自分だけで練習していても、イメージ出来なかった部分は確信へと変わり、またイメージしていたものとは全く違う響きだったり。
それは、同じ曲を前にやっていても、また新たな発見があります。
伴奏者を英語ではアカンパニストと言いますが、自分にとってアカンパニストはもっと存在として大切な共同制作者です。
共演者なのです。
自分は八百板さんのチェンバロで上手く踊れる。それがいつも楽しみなのです。
浅利さん、なんと嬉しいコメントでしょう!
旋律楽器の奏者で、練習の時に他のパートや和音まで吹いて確認する人が果たしてどれだけいるのか私には疑問です。浅利さんはそんなに探究心があって、そんなに謙虚で、でも演奏はとてもパワフルで揺るぎない主張を持っているんですよね。
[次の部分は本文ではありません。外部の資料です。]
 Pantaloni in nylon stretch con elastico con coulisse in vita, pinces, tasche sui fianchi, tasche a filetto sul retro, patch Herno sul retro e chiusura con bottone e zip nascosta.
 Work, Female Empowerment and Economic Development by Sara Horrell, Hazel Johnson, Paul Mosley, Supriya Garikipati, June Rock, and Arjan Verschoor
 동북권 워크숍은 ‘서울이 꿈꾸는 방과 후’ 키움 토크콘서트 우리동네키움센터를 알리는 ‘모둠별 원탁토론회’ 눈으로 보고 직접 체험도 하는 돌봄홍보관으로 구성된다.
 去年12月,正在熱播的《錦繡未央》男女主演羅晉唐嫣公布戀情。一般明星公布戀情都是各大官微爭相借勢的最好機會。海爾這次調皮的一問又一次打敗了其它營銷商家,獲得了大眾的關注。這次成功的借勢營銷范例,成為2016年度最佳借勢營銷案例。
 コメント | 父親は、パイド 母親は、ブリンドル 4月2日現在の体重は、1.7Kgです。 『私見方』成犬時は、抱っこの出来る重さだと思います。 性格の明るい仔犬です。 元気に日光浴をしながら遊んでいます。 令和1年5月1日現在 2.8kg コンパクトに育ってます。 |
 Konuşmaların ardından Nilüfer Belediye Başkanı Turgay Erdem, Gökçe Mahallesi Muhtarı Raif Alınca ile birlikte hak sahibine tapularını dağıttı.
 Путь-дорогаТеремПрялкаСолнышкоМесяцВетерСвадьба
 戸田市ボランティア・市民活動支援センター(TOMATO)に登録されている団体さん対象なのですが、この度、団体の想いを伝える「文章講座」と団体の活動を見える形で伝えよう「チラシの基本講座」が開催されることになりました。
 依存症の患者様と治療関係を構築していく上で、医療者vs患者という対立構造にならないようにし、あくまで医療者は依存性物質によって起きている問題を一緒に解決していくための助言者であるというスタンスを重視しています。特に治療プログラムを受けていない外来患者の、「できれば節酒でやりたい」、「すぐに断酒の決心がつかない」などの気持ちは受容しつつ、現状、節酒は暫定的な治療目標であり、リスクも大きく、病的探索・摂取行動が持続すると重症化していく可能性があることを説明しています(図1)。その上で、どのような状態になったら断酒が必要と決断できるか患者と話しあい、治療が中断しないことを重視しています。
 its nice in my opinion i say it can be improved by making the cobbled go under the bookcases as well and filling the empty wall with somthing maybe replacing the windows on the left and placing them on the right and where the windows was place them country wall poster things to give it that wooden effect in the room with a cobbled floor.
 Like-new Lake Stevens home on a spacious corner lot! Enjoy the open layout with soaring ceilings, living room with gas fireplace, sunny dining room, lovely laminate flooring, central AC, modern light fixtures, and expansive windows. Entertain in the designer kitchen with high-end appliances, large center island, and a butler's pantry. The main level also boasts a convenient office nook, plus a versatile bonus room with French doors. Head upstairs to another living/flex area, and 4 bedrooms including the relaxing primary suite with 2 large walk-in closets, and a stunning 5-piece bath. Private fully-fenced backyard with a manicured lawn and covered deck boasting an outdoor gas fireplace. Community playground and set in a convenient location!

私たちで力を合わせて、「この曲はこんなに素晴らしい」という情報発信だけでなく、「音楽はこうやって共同制作するのが素晴らしい」という情報発信もしていきたいですね。
先生と浅利さん、楽器同士で会話をされたり、深めたりして音楽を作っておられるのですね。
きっと合奏の最高の部分なのでしょう!
いつか、お二人の演奏を聴くのを楽しみにしています。
ありがとうございます! 今月下旬にも一緒にコンサートをします。近日中にお知らせしますね。
およそ3年ほど前の記事ですが、あらためて勉強になります。総譜は大切だ、というより、基本、と考えています。私にとってそのことを深く確認させてもらった八百板先生の存在は、今でも大きいのです。
ありがとうございます。
以前、家合さんには通奏低音のオルガンを弾いていただいていました。オルガンが総譜にかなった演奏をしてくださると、その上に乗る楽器も声も、すごく安心して演奏できるんです。
ありがとうございます。涙が出そうなくらい・・。励みにさせて頂きます。
鍵盤奏者が総譜や大譜表を見ながら演奏するのですから、こちらがリーダーシップ取るのは全く当然の演奏作法でしょう。
特に和音を弾ける楽器は鍵盤しか存在しません。
和声の移行にどの位のメリハリをつけるか(或いはつけないか)の判断は、鍵盤奏者の責任でさえある。
もっと究極的に言うなら、限りなく自身が恰も演奏曲目の作曲者である、と成り切る程で良いと存じます。
ありがとうございます。そうおっしゃっていただくと自信を持てます。
でも、なかなか鍵盤奏者のいう事を聞いてくれない旋律楽器奏者や歌手もいますよね。単に主旋律を担うからと偉ぶるのでなくても、和声の意味を感じ取れなくて私の言う事が理解できないという場合もあるようです。
どんな楽器も声楽も、音大ではピアノが必修だということの意味はそこにあるのでしょう。私自身、子供のころにピアノを習い始めるまでは頭の中でどうしても2声が同時に認識できなかったのに、今では和音も対位法も頭の中で鳴らすことができます。
旋律楽器と鍵盤楽器のやりとり・・・
こういう次元の高い「遊び」は至福のときですね。
作曲した人間の想いをたぐりよせてそこでひとつになったとき
「今死んでもいい」という瞬間をむかえますね。
これが、相手が歌ですと、もっと絶妙な遊び合い、、、、
「今死んでもいい」という悦びを
生きている間に何度もあじわう鍵盤奏者しあわせです。その悦び
たぶん天国にも持っていけるはず。
コメントありがとうございます。
「今死んでもいい」ですか!
そこまで言い切れるのは本当に至福ですね!
私は自分が鍵盤楽器を弾けて本当に良かったと思っています。
横からの口出しをご容赦ください。
伊地知さんのおっしゃる「作曲した人間の想いをたぐりよせてそこでひとつになったとき、
『今死んでもいい』という瞬間」というのが、
八百板さんが所信表明に書かれていた
「作曲家が降臨した瞬間」なのでしょうね。
その所信表明のページ、今の活動の実態にそぐわないので消してしまったんですけど・・・。